• _What the task asks_: Reproduce the entries in full. Exclude all images from the copy.

• _Data_:
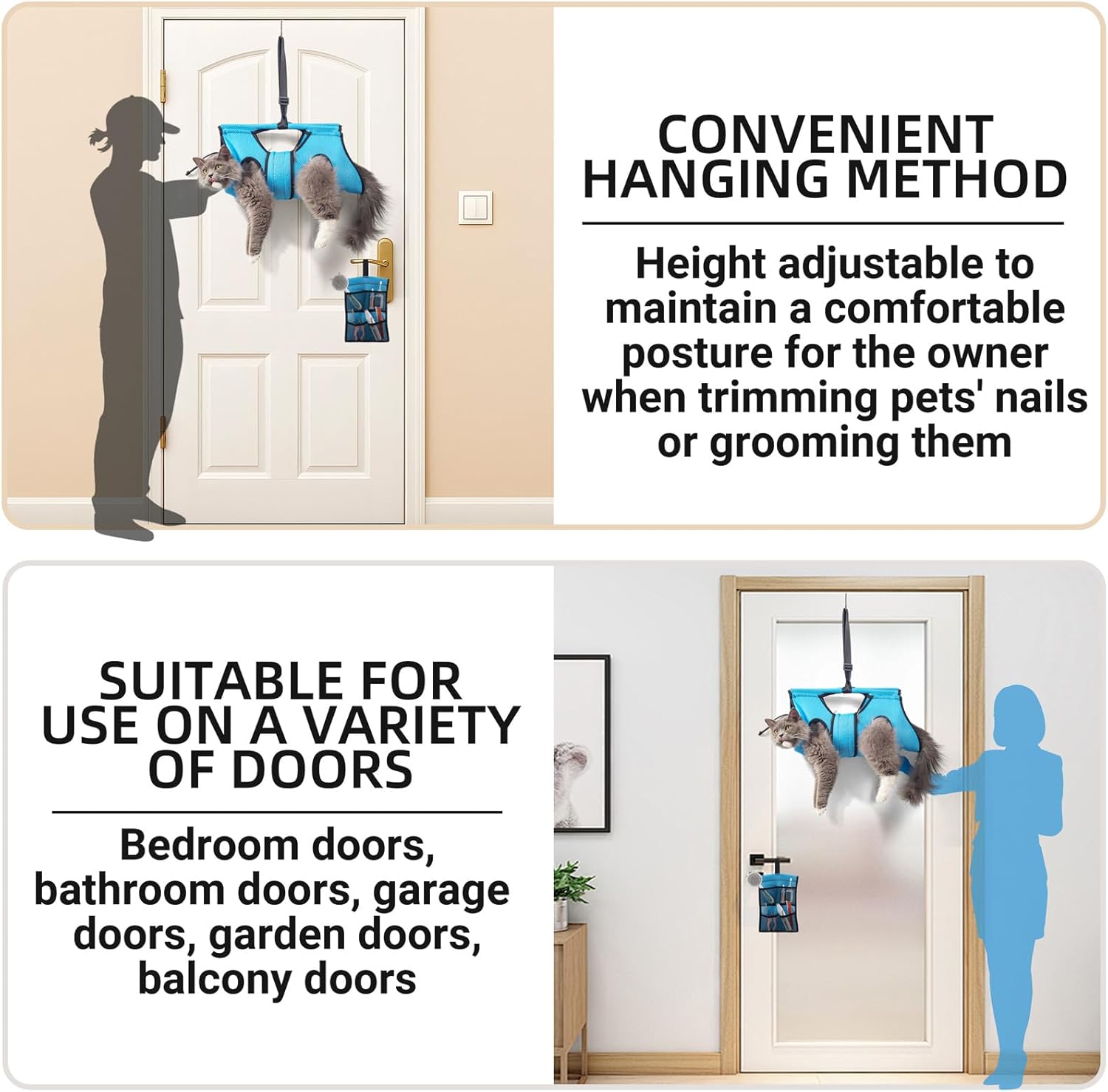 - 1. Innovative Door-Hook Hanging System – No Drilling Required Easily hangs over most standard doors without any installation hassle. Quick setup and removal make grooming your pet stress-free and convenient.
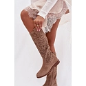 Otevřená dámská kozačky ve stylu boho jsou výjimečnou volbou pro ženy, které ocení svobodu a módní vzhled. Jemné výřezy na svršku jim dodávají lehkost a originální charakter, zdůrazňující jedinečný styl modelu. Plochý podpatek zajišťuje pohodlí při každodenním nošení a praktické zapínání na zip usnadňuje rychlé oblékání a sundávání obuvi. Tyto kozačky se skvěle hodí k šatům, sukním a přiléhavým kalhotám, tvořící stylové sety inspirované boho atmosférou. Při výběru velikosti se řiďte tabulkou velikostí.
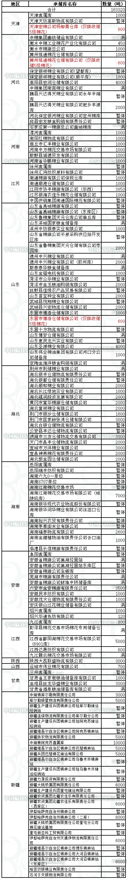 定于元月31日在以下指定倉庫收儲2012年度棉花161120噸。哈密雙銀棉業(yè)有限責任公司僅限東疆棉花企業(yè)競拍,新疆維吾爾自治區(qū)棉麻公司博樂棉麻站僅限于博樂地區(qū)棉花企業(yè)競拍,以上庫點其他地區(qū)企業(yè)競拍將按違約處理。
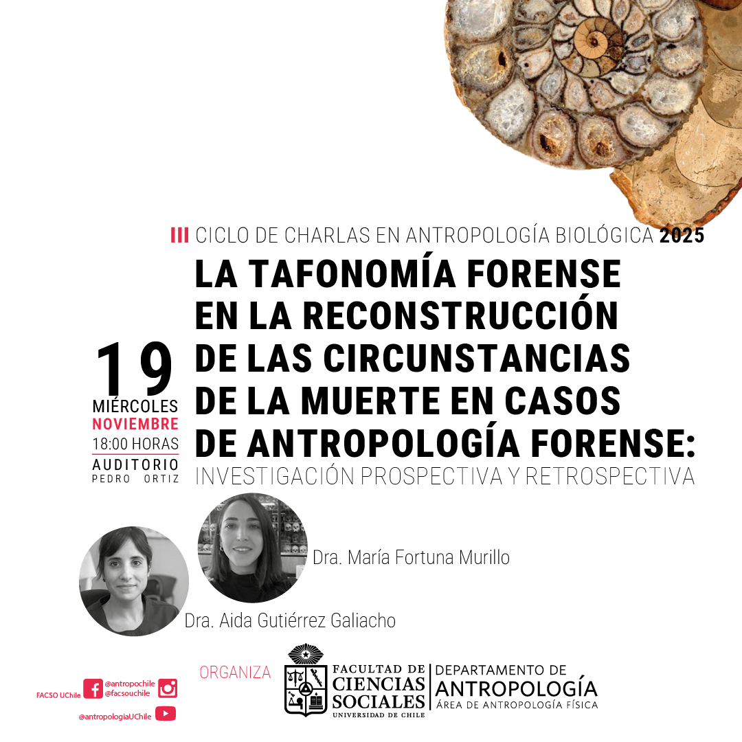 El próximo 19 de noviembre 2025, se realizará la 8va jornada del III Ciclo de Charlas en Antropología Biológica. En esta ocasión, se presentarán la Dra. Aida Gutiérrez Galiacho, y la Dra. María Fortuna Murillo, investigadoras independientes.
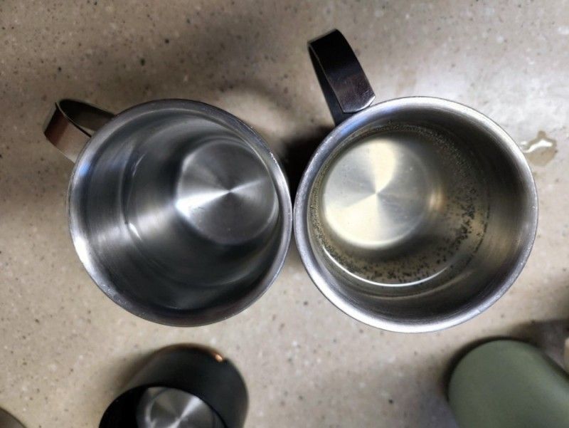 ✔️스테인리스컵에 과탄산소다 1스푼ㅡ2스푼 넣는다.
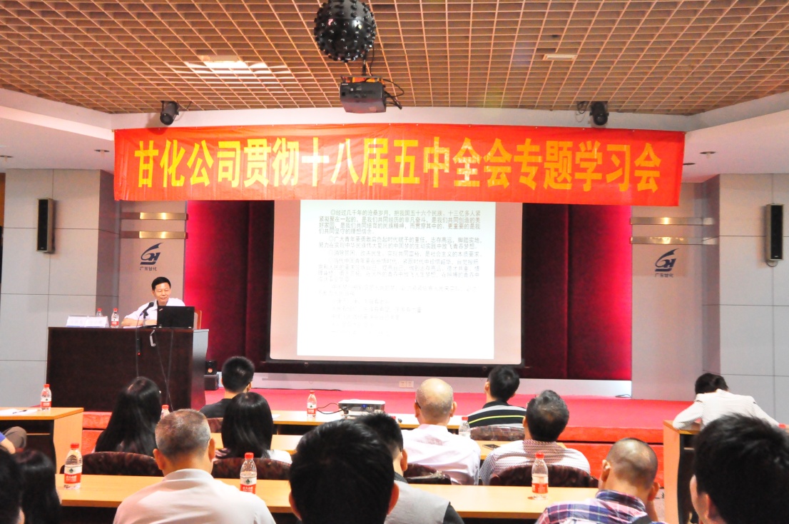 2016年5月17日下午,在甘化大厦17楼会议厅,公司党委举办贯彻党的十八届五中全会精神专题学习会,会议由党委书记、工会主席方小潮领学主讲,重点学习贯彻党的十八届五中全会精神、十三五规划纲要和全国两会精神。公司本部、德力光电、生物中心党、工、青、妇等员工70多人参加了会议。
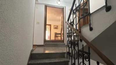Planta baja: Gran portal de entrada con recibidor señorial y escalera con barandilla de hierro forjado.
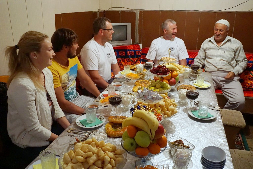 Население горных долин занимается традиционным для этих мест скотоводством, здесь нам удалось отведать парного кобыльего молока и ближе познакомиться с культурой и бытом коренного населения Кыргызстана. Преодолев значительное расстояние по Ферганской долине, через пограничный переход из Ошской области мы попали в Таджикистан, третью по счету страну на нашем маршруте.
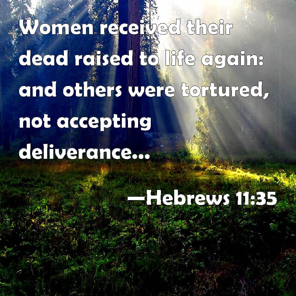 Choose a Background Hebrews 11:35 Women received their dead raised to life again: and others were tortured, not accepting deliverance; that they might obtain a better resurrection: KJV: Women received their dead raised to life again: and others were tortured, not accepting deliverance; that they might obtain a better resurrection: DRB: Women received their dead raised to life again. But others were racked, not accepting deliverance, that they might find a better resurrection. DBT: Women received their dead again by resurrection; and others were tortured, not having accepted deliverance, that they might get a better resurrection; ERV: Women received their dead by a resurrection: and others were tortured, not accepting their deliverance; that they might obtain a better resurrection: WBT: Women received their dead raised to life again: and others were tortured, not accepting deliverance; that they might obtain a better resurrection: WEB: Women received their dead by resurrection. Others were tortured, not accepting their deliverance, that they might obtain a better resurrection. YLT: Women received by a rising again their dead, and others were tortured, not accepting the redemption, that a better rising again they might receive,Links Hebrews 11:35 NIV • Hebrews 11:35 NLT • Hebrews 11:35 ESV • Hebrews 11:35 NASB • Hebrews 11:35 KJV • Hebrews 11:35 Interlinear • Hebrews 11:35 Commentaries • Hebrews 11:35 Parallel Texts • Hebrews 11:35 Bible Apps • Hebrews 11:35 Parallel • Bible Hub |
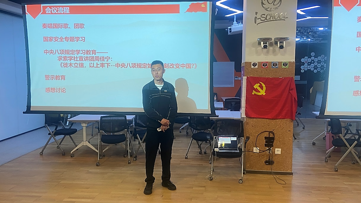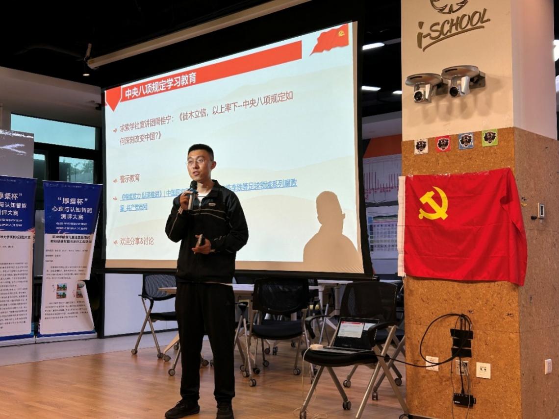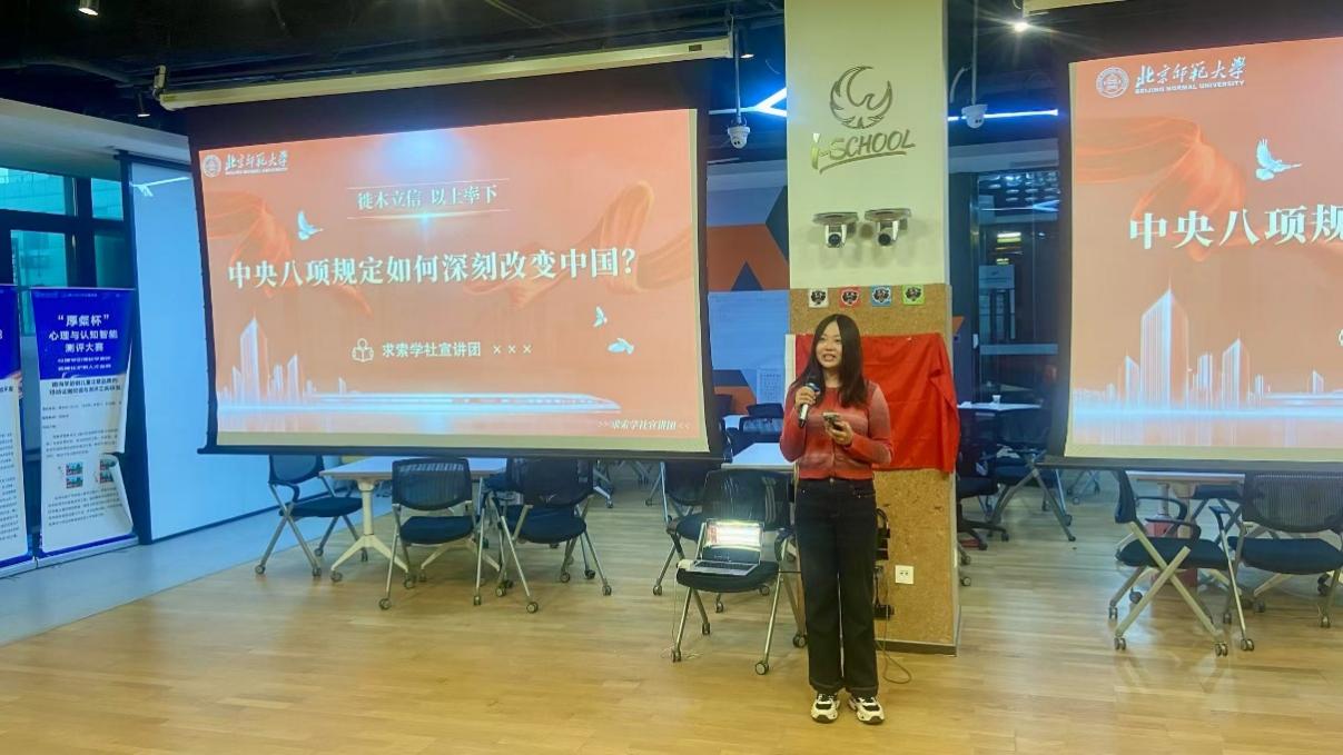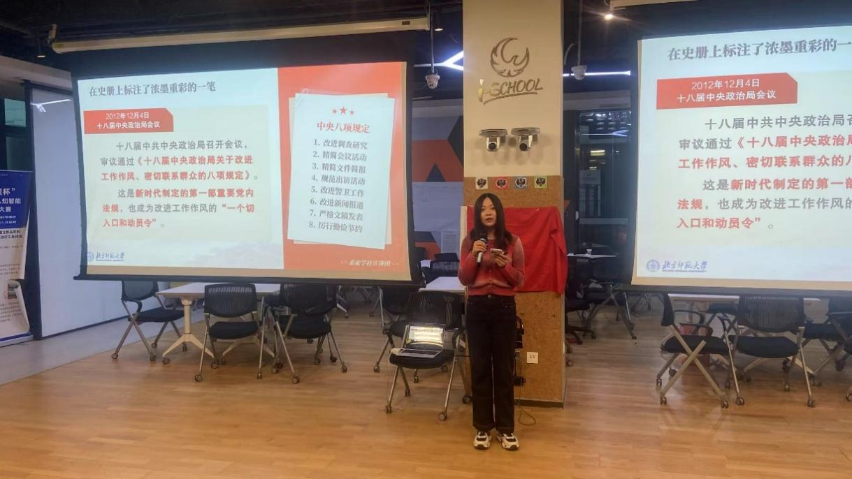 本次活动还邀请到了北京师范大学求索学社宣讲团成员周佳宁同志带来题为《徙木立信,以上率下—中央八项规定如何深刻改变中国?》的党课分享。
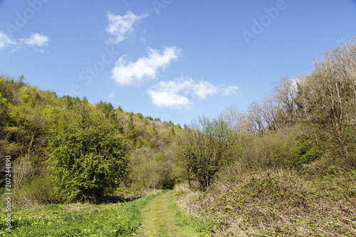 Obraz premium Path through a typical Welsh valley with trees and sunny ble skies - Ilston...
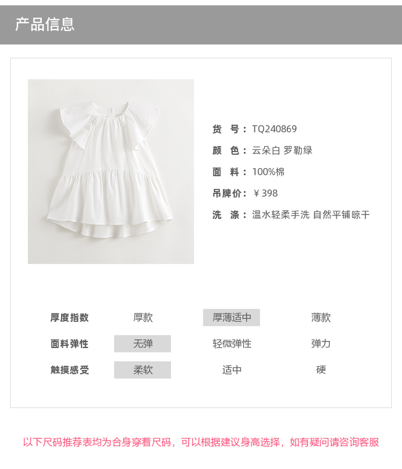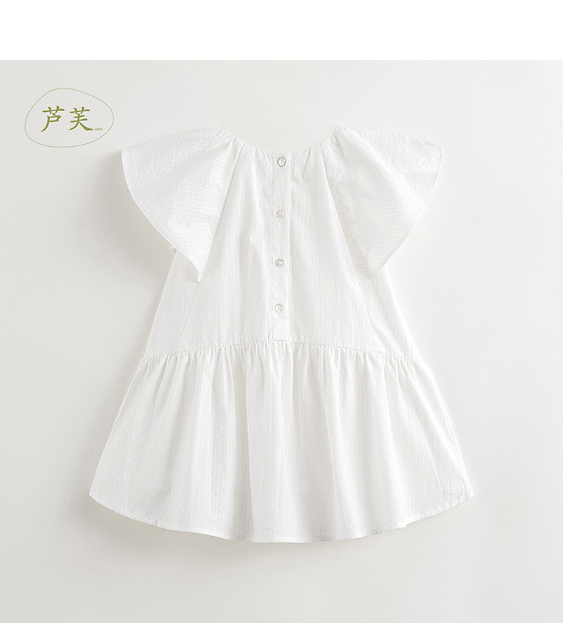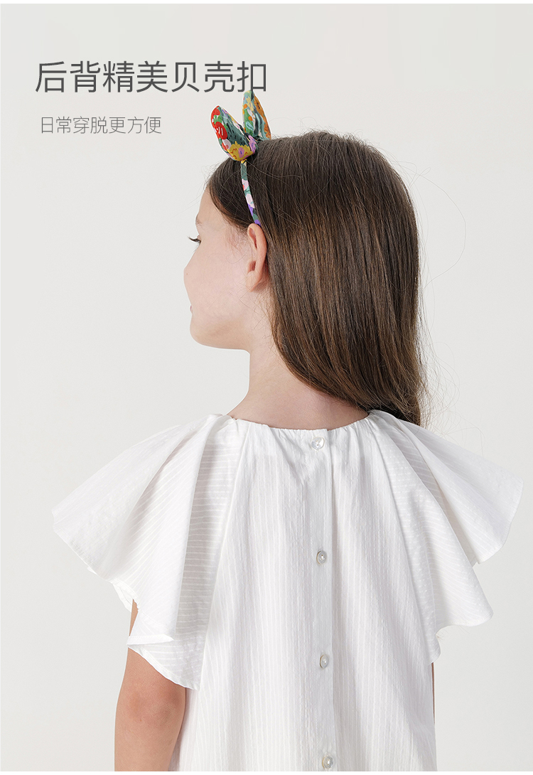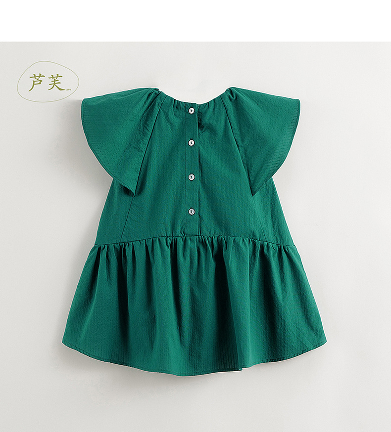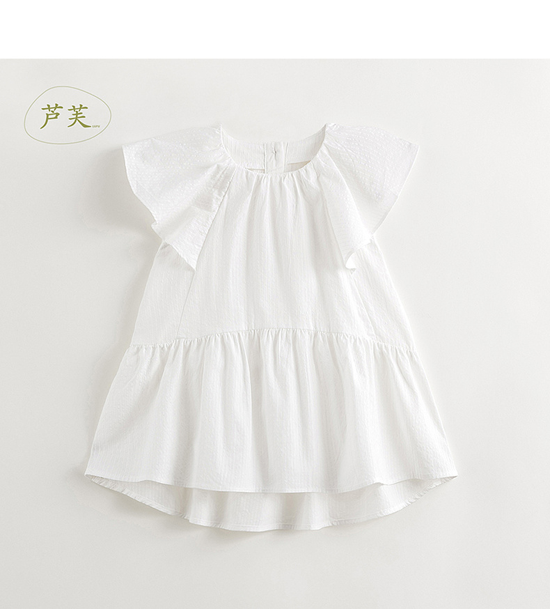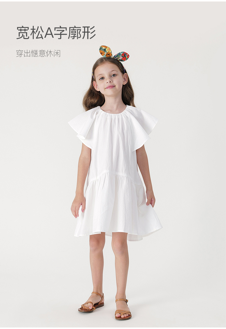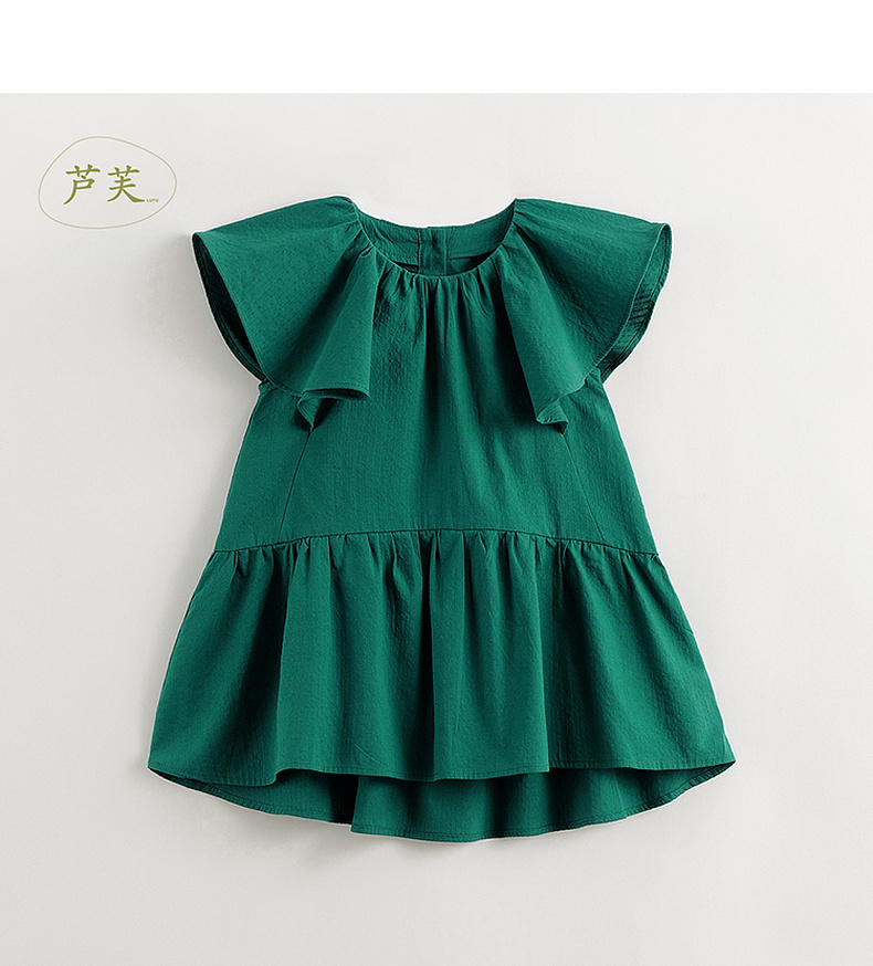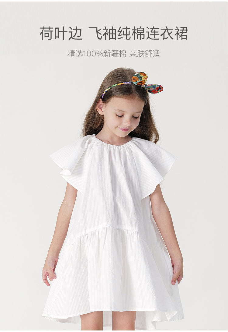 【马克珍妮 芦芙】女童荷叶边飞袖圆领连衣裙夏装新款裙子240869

• _Answer for the task_:
 - 1. Innovative Door-Hook Hanging System – No Drilling Required Easily hangs over most standard doors without any installation hassle. Quick setup and removal make grooming your pet stress-free and convenient.
 Otevřená dámská kozačky ve stylu boho jsou výjimečnou volbou pro ženy, které ocení svobodu a módní vzhled. Jemné výřezy na svršku jim dodávají lehkost a originální charakter, zdůrazňující jedinečný styl modelu. Plochý podpatek zajišťuje pohodlí při každodenním nošení a praktické zapínání na zip usnadňuje rychlé oblékání a sundávání obuvi. Tyto kozačky se skvěle hodí k šatům, sukním a přiléhavým kalhotám, tvořící stylové sety inspirované boho atmosférou. Při výběru velikosti se řiďte tabulkou velikostí.
 定于元月31日在以下指定倉庫收儲2012年度棉花161120噸。哈密雙銀棉業(yè)有限責任公司僅限東疆棉花企業(yè)競拍,新疆維吾爾自治區(qū)棉麻公司博樂棉麻站僅限于博樂地區(qū)棉花企業(yè)競拍,以上庫點其他地區(qū)企業(yè)競拍將按違約處理。
 El próximo 19 de noviembre 2025, se realizará la 8va jornada del III Ciclo de Charlas en Antropología Biológica. En esta ocasión, se presentarán la Dra. Aida Gutiérrez Galiacho, y la Dra. María Fortuna Murillo, investigadoras independientes.
 ✔️스테인리스컵에 과탄산소다 1스푼ㅡ2스푼 넣는다.
 2016年5月17日下午,在甘化大厦17楼会议厅,公司党委举办贯彻党的十八届五中全会精神专题学习会,会议由党委书记、工会主席方小潮领学主讲,重点学习贯彻党的十八届五中全会精神、十三五规划纲要和全国两会精神。公司本部、德力光电、生物中心党、工、青、妇等员工70多人参加了会议。
Planta baja: Gran portal de entrada con recibidor señorial y escalera con barandilla de hierro forjado.
 Население горных долин занимается традиционным для этих мест скотоводством, здесь нам удалось отведать парного кобыльего молока и ближе познакомиться с культурой и бытом коренного населения Кыргызстана. Преодолев значительное расстояние по Ферганской долине, через пограничный переход из Ошской области мы попали в Таджикистан, третью по счету страну на нашем маршруте.
 Choose a Background Hebrews 11:35 Women received their dead raised to life again: and others were tortured, not accepting deliverance; that they might obtain a better resurrection: KJV: Women received their dead raised to life again: and others were tortured, not accepting deliverance; that they might obtain a better resurrection: DRB: Women received their dead raised to life again. But others were racked, not accepting deliverance, that they might find a better resurrection. DBT: Women received their dead again by resurrection; and others were tortured, not having accepted deliverance, that they might get a better resurrection; ERV: Women received their dead by a resurrection: and others were tortured, not accepting their deliverance; that they might obtain a better resurrection: WBT: Women received their dead raised to life again: and others were tortured, not accepting deliverance; that they might obtain a better resurrection: WEB: Women received their dead by resurrection. Others were tortured, not accepting their deliverance, that they might obtain a better resurrection. YLT: Women received by a rising again their dead, and others were tortured, not accepting the redemption, that a better rising again they might receive,Links Hebrews 11:35 NIV • Hebrews 11:35 NLT • Hebrews 11:35 ESV • Hebrews 11:35 NASB • Hebrews 11:35 KJV • Hebrews 11:35 Interlinear • Hebrews 11:35 Commentaries • Hebrews 11:35 Parallel Texts • Hebrews 11:35 Bible Apps • Hebrews 11:35 Parallel • Bible Hub |
 本次活动还邀请到了北京师范大学求索学社宣讲团成员周佳宁同志带来题为《徙木立信,以上率下—中央八项规定如何深刻改变中国?》的党课分享。
 Obraz premium Path through a typical Welsh valley with trees and sunny ble skies - Ilston...
 【马克珍妮 芦芙】女童荷叶边飞袖圆领连衣裙夏装新款裙子240869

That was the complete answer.